Now those parentheses, look at them again, are of the utmost importance – and not just as a device to distinguish the writer’s headline from the editorial label. They are literate mankind’s farewell salute to subtlety. It’s the exact inverse of SHOUTING, meant to be a whisper that might not be heard - like “Ann Coulter (whore)” or (to be “fair and balanced”) “Michael Moore (fat).” They tell us, in effect, “We cannot legally make any assumptions about your innate powers of observation or critical thinking skills. Therefore, we must assume the lowest common denominator even though doing so chafes against the writer’s intent to the point of actually negating it.” It might even be written that precisely that way in CNN Elements of Style: Guidelines.
To digress anecdotally a bit – I hope you’ll stay with me - parentheses for solitary words always make me smile. It began with an experience some 20 years ago at the old Olentangy Inn in Columbus, before it became an upscale diner. I had just moved to Thurber Village near downtown and some neighbors, new acquaintances, graciously invited me to come along with them to the Olentangy for some “truck stop food,” served there from a menu unchanged from the 1930s. Reading that, and making nervous small talk, I came across an archaic beverage listed with coffee and tea: “Sanka (pot) $1.00,” it said. No one at the table had ever heard of Sanka, so I pointed at the word in parentheses and whispered, “See, it’s really pot, but they can’t come right out and say it or they’d get busted.” Ice broken, we had a good laugh, and “Sanka” became a running gag in the neighborhood for many months. Single words in parens - you’re trying to hide something in a store front window..
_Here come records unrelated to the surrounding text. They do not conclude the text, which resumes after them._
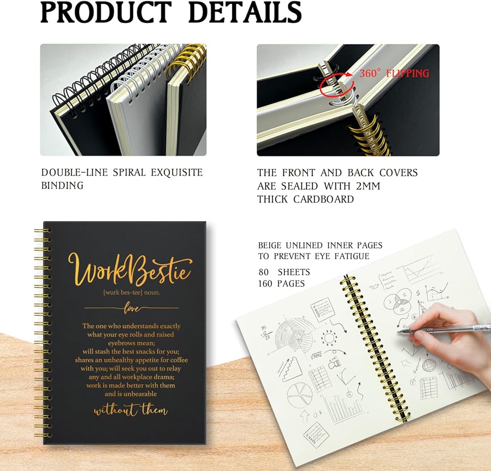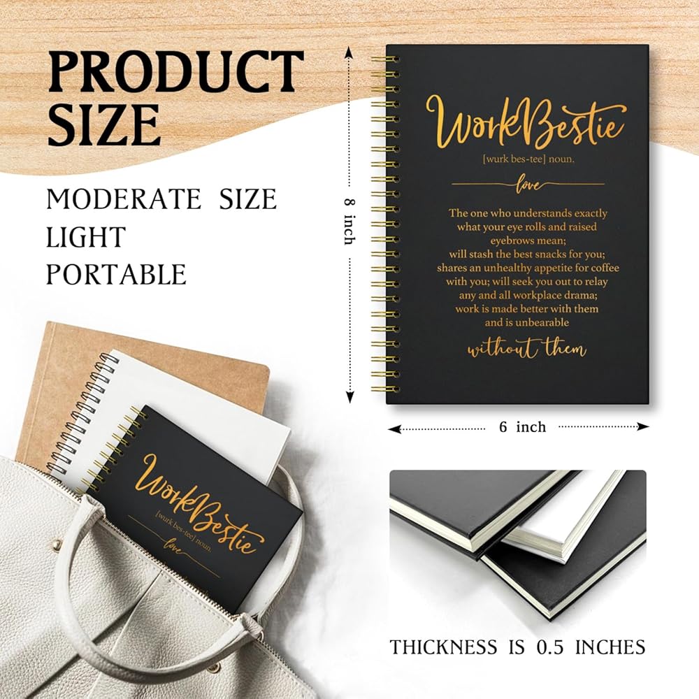 العمل Bestie Definists كتابة دفاتر , أجهزة الكمبيوتر المحمولة الحلزونية المضحكة Gold Foil مع 160 صفحة - هدايا العمل Bestie ، هدايا الوظائف الجديدة ، شكرًا لك هدية على زميل العمل ، عمل Bestie Gifts for Women
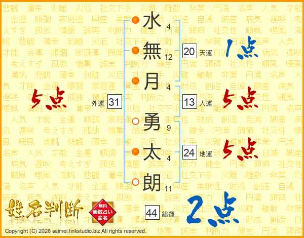 水(4画)無(12画)月(4画) 勇(9画)太(4画)朗(11画)
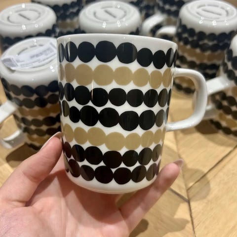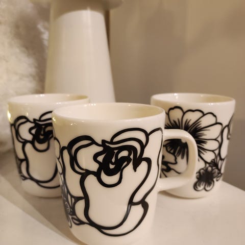 Uudet, täysin käyttämättömät Marimekko Oiva ’OKKO’ glögimuki ja lusikka. Olleet koristeena hyllyllä.
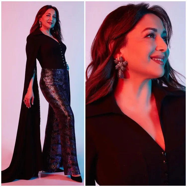 Madhuri Dixit dazzled in Manish Malhotra’s sequin flared pants and cape-sleeved shirt; Yay or Nay?
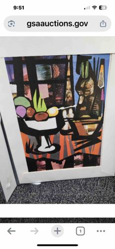 This item is an abstract geometric artwork presented in a modern white frame. The composition appears to be a stylized still life, featuring a bowl of fruit set against a complex, multi-layered background that suggests an interior window scene or a cubist-inspired architectural space. The color palette is vibrant, utilizing bold primary and secondary colors including deep blues, oranges, greens, and purples, all anchored by heavy black outlines that define the various shapes. The artwork technique suggests a collage-style application or a high-quality print, with sharp delineation between color blocks. The frame is a clean, contemporary white profile that suggests a late 20th or early 21st-century production. Physical condition appears good based on the photographic evidence, with no obvious surface abrasions or moisture damage to the print itself. The frame shows some minor scuffing consistent with general handling. The overall style draws influence from mid-century modern cubism and pop art, emphasizing flat planes of color and graphic silhouettes rather than realistic depth. The scale appears moderate, likely suitable for residential or office display as indicated by its placement on commercial-grade carpeting. No specific artist signature is visible in this low-resolution image, but the craftsmanship reflects a professional commercial production quality intended for modern decor environments.

Another problem with satire must be addressed at this point. It is the expression “using satire” which has come into common use as a device to downplay egregious and antisocial verbal antagonism. I’m not a mind reader, but I know you’re thinking “Rush Limbaugh” here but - let me assure you – I am not. His name never even crossed my mind, not for an instant. I was thinking of our new friend, little Ronald, back in Mrs. Behrens’ 10th grade literature class. One time he said to her, “You, Madame, are an overweight Irish slattern whose services are overpriced at a Saorstát tuppence and whose louse-ridden offspring are unworthy even as teething scraps for wild French dogs. They are tainted meat unfit to grace the noble tables of the British upper class.” She didn’t “get” it. Later, in the principal’s office, Ronald would explain even more eloquently that he was obviously “using satire” - since everybody knew Mrs. Behrens was a Kraut. The principal didn’t “get” it either.
(Neither do I. Sometimes I think I’d prefer that the “using satire” folks would just come out and say the forbidden words that come oozing out of their brain stems and are always lingering just a few slimy millimeters below their hippocampi. Better that, get it all right there out in the open, instead of righteously raising the “political correctness” shaku when we don't laugh, inferring that even modest civility is a character flaw.)
Oh dear, we’ve abandoned poor Ronald and his literary project. Meticulously, he has thought through all the implications of satire, but now he’ll be late for his 9:00 business ethics class. No time for the masterpiece. No. Damn, forgot to shave. Running out the door, he grabs his umbrella and his Blackberry. “Obamacare – WTF?” He tweets.